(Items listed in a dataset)
________
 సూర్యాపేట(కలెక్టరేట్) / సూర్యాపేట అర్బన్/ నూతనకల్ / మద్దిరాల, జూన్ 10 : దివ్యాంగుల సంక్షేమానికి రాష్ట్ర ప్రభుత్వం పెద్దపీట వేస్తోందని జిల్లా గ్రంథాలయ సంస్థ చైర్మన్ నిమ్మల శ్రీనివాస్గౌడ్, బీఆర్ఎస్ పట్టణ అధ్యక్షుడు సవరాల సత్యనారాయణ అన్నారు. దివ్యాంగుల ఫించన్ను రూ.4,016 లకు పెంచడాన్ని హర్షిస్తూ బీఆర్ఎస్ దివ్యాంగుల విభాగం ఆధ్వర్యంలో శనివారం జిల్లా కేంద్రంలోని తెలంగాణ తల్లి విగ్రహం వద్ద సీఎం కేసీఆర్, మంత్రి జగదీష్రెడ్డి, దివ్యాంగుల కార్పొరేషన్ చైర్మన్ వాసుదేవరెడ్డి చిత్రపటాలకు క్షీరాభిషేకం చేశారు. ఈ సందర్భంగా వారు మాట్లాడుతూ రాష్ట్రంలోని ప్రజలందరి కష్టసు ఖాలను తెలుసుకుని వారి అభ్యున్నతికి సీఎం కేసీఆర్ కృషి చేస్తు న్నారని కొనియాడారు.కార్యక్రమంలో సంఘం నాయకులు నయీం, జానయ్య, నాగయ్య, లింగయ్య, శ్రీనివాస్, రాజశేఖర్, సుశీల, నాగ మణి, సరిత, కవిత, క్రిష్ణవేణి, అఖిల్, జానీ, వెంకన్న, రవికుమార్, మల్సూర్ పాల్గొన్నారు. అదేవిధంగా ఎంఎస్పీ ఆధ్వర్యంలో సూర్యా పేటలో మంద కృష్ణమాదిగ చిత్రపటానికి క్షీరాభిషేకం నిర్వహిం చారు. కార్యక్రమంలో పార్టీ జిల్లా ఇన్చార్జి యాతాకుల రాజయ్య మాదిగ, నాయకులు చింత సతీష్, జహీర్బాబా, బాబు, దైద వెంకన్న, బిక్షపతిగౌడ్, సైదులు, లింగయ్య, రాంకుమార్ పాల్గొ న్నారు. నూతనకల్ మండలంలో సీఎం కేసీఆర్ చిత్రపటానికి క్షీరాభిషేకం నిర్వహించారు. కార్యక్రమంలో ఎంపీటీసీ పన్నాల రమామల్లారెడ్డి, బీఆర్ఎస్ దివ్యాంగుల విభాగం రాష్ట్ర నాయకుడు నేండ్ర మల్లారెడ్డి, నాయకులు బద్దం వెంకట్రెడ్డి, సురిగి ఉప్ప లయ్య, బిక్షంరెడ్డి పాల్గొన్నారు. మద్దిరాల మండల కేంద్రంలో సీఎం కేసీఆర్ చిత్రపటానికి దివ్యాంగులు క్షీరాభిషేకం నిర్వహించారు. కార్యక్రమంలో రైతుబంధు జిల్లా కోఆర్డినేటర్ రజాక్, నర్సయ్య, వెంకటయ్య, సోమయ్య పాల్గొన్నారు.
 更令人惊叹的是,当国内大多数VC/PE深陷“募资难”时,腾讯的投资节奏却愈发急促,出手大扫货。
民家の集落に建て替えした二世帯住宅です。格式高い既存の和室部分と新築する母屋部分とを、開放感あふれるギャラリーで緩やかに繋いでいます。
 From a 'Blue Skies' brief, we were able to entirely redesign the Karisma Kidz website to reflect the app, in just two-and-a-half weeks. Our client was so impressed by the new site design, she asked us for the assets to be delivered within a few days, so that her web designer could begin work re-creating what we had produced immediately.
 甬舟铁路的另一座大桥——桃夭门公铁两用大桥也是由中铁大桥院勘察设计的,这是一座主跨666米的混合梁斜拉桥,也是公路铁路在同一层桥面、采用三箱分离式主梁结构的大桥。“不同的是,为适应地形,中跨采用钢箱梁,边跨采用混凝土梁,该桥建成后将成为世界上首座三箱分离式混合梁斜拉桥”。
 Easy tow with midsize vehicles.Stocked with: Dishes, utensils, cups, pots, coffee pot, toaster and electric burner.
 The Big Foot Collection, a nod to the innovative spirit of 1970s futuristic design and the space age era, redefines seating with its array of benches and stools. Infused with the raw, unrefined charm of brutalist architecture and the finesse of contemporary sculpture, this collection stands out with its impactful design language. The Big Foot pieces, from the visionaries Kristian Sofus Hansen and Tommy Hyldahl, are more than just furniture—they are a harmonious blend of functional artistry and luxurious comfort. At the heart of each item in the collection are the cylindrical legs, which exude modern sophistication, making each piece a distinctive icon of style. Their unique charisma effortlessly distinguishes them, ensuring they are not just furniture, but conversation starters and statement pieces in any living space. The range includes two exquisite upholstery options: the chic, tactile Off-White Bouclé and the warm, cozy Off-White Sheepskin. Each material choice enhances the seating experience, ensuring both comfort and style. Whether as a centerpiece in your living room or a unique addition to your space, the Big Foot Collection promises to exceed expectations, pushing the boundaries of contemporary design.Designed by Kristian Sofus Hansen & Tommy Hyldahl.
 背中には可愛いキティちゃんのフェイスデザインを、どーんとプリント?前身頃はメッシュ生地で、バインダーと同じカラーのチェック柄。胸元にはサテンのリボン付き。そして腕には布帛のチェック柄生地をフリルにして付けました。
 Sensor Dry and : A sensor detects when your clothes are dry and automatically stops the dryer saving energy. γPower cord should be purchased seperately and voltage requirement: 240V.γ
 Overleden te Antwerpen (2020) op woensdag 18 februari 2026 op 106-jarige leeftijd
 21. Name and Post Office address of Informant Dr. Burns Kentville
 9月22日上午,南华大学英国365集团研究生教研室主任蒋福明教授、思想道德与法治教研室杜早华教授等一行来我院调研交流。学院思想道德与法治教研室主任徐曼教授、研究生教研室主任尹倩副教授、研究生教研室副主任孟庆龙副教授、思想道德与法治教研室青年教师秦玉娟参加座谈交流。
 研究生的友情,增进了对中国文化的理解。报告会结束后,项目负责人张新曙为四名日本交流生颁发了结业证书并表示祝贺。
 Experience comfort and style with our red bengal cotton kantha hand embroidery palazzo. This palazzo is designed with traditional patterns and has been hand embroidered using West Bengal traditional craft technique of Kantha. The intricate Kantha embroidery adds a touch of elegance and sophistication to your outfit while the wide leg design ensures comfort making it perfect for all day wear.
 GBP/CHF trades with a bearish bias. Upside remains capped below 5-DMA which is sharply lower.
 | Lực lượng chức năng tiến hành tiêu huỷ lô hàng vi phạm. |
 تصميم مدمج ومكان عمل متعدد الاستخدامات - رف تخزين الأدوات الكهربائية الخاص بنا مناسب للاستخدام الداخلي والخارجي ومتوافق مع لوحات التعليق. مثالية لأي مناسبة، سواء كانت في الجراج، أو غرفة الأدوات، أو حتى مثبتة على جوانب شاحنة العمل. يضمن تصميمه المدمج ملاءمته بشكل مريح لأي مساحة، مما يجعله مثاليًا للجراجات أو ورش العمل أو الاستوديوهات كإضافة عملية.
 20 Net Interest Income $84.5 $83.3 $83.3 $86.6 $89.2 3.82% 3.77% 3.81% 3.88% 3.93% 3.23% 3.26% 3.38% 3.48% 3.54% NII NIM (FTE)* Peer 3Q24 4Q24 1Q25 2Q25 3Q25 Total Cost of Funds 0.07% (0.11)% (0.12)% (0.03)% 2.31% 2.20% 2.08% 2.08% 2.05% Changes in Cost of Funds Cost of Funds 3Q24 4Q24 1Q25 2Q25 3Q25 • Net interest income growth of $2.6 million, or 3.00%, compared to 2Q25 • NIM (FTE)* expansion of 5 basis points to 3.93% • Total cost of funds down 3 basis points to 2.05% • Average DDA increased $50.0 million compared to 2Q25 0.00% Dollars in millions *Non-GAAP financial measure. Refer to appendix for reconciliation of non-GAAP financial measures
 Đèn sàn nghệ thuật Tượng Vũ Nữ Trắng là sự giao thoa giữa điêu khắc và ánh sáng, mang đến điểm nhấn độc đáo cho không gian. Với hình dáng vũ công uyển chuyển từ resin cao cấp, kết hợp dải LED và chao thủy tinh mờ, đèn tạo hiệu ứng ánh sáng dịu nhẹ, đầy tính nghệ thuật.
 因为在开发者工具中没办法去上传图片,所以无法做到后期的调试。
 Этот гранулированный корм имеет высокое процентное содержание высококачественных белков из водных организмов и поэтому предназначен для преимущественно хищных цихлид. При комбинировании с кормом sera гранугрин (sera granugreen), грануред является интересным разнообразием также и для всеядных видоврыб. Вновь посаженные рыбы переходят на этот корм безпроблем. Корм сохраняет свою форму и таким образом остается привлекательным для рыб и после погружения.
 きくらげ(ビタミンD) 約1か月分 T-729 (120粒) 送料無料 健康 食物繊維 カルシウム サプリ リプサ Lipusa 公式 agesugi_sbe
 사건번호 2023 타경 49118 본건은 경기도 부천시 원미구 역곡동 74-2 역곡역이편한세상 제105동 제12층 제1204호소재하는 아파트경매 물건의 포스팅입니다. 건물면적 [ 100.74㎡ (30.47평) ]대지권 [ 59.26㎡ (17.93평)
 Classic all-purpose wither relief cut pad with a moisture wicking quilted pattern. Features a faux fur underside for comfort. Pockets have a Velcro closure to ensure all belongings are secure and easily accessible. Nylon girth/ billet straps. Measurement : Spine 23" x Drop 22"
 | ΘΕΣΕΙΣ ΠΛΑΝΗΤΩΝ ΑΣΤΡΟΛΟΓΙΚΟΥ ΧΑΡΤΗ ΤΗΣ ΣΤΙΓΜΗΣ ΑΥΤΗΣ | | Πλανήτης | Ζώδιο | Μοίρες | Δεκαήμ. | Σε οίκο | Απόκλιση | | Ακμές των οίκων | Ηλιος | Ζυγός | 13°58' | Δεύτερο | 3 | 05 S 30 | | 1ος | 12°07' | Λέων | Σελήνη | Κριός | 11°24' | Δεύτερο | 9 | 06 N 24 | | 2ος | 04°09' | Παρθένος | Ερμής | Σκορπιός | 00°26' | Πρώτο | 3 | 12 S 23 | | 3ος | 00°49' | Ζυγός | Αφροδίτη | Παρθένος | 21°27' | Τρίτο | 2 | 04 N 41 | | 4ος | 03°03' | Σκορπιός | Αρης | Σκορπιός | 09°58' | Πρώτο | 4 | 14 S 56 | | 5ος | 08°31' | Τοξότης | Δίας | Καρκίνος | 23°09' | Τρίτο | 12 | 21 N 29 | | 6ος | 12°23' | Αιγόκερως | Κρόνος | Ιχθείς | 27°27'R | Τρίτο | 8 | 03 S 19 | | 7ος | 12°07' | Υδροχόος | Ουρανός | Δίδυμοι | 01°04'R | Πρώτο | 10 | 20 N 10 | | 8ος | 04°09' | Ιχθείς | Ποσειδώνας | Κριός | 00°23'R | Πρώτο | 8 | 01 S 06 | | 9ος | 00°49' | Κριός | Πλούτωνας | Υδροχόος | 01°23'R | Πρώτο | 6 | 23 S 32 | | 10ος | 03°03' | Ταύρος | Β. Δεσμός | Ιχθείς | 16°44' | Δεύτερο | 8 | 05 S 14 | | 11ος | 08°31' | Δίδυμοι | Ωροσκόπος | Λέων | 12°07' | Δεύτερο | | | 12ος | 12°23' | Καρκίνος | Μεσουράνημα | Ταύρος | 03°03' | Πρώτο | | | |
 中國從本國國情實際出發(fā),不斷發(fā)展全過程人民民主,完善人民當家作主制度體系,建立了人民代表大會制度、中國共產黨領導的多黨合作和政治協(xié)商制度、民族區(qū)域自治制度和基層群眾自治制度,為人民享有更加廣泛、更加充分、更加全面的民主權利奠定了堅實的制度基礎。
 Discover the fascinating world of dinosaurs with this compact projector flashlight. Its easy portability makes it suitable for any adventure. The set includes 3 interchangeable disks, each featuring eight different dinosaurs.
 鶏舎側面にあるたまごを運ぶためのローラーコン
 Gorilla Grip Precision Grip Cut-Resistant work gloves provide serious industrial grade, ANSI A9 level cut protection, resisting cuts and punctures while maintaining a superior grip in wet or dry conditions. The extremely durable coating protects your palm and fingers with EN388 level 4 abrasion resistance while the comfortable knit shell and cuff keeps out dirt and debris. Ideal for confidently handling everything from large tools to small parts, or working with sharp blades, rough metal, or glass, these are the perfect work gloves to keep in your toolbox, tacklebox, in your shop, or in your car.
________
■ What is required ■
Proceeding from the line containing "20 Net Interest" through the line containing "사건번호 2023 타경", transcribe the lines above exactly, both end lines included.

■ Answer box ■
 20 Net Interest Income $84.5 $83.3 $83.3 $86.6 $89.2 3.82% 3.77% 3.81% 3.88% 3.93% 3.23% 3.26% 3.38% 3.48% 3.54% NII NIM (FTE)* Peer 3Q24 4Q24 1Q25 2Q25 3Q25 Total Cost of Funds 0.07% (0.11)% (0.12)% (0.03)% 2.31% 2.20% 2.08% 2.08% 2.05% Changes in Cost of Funds Cost of Funds 3Q24 4Q24 1Q25 2Q25 3Q25 • Net interest income growth of $2.6 million, or 3.00%, compared to 2Q25 • NIM (FTE)* expansion of 5 basis points to 3.93% • Total cost of funds down 3 basis points to 2.05% • Average DDA increased $50.0 million compared to 2Q25 0.00% Dollars in millions *Non-GAAP financial measure. Refer to appendix for reconciliation of non-GAAP financial measures
 Đèn sàn nghệ thuật Tượng Vũ Nữ Trắng là sự giao thoa giữa điêu khắc và ánh sáng, mang đến điểm nhấn độc đáo cho không gian. Với hình dáng vũ công uyển chuyển từ resin cao cấp, kết hợp dải LED và chao thủy tinh mờ, đèn tạo hiệu ứng ánh sáng dịu nhẹ, đầy tính nghệ thuật.
 因为在开发者工具中没办法去上传图片,所以无法做到后期的调试。
 Этот гранулированный корм имеет высокое процентное содержание высококачественных белков из водных организмов и поэтому предназначен для преимущественно хищных цихлид. При комбинировании с кормом sera гранугрин (sera granugreen), грануред является интересным разнообразием также и для всеядных видоврыб. Вновь посаженные рыбы переходят на этот корм безпроблем. Корм сохраняет свою форму и таким образом остается привлекательным для рыб и после погружения.
 きくらげ(ビタミンD) 約1か月分 T-729 (120粒) 送料無料 健康 食物繊維 カルシウム サプリ リプサ Lipusa 公式 agesugi_sbe
 사건번호 2023 타경 49118 본건은 경기도 부천시 원미구 역곡동 74-2 역곡역이편한세상 제105동 제12층 제1204호소재하는 아파트경매 물건의 포스팅입니다. 건물면적 [ 100.74㎡ (30.47평) ]대지권 [ 59.26㎡ (17.93평)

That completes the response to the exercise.